Description
This paleo mint chocolate chip ice cream is thick and creamy. It freezes well and is only sweetened with dates - no sugar added!
Ingredients
Scale
- 1 cup pitted dates (160g)
- 1/2 large avocado
- 1 cup packed spinach (optional)
- 1/4 cup collagen peptides (omit for vegan)
- 1 can full fat coconut milk (13.5oz)
- 1 1/2 tsp peppermint flavoring
- 1 tsp vanilla extract
- pinch of salt
- 1/4 cup dark chocolate, chopped
Instructions
- Soak the dates: place the pitted dates in a ceramic bowl or mug, heat a pot of water (hot, but not boiling) and then pour the water over the dates so that they are fully submerged. Let the dates sit for 5-10 minutes, then drain the water.

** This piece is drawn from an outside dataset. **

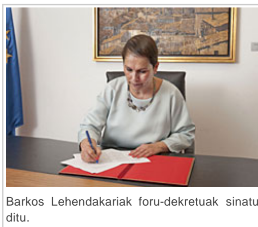
Barkos Lehendakariak foru-dekretuak sinatu ditu.

Nafarroako Lehendakari Uxue Barkosek Foru Administrazioaren departamentuen egitura finkatzeko duen foru-dekretua sinatu du asteazken honetan. Bederatzi departamentutan antolatuta geratu da Administrazioa eta arlo bakoitzaren buru izango diren kontseilariak izendatu ditu; kontseilari horiek ostegun honetan, uztailak 23, beren departamentuen kargu egingo dira, Nafarroako Jauregiko Tronuaren Aretoan, 12:00etan, egingo den ekitaldian.

- Blend ingredients: blend together all of the ingredients for the ice cream, except the chocolate chips. Start the blender at a low speed, then gradually increase it until the mixture is smooth and consistent.
- Churn Ice Cream: pour the mixture into an ice cream maker. You'll want to churn the ice cream for 20-30 minutes, or until it's has the consistency of soft serve ice cream*
- Once the ice cream has started to freeze and thicken, add in the dark chocolate (or whatever mix-ins you prefer). The reason for not adding the chocolate right away, or in the blender, is because if the mixture is warm then the chocolate will melt.
- Once the ice cream has thickened, either enjoy right away or scoop it into a loaf pan and place it in the freezer to firm.
- Storage: if you plan on eating the ice cream within a few hours, simply scoop the ice cream into a loaf pan and place in the freeze, no need to cover. For longer storage, put the ice cream in a sealed container or cover it in the loaf pan with foil.
Notes
*While churning the ice cream is not required, it helps give the ice cream a thick, smooth texture. If you don't own an ice cream maker, you can simply pour the ice cream into a loaf pan and place it in the freezer. Every 30-40 minutes, vigorously mix the ice cream by hand, then place it back into the freezer.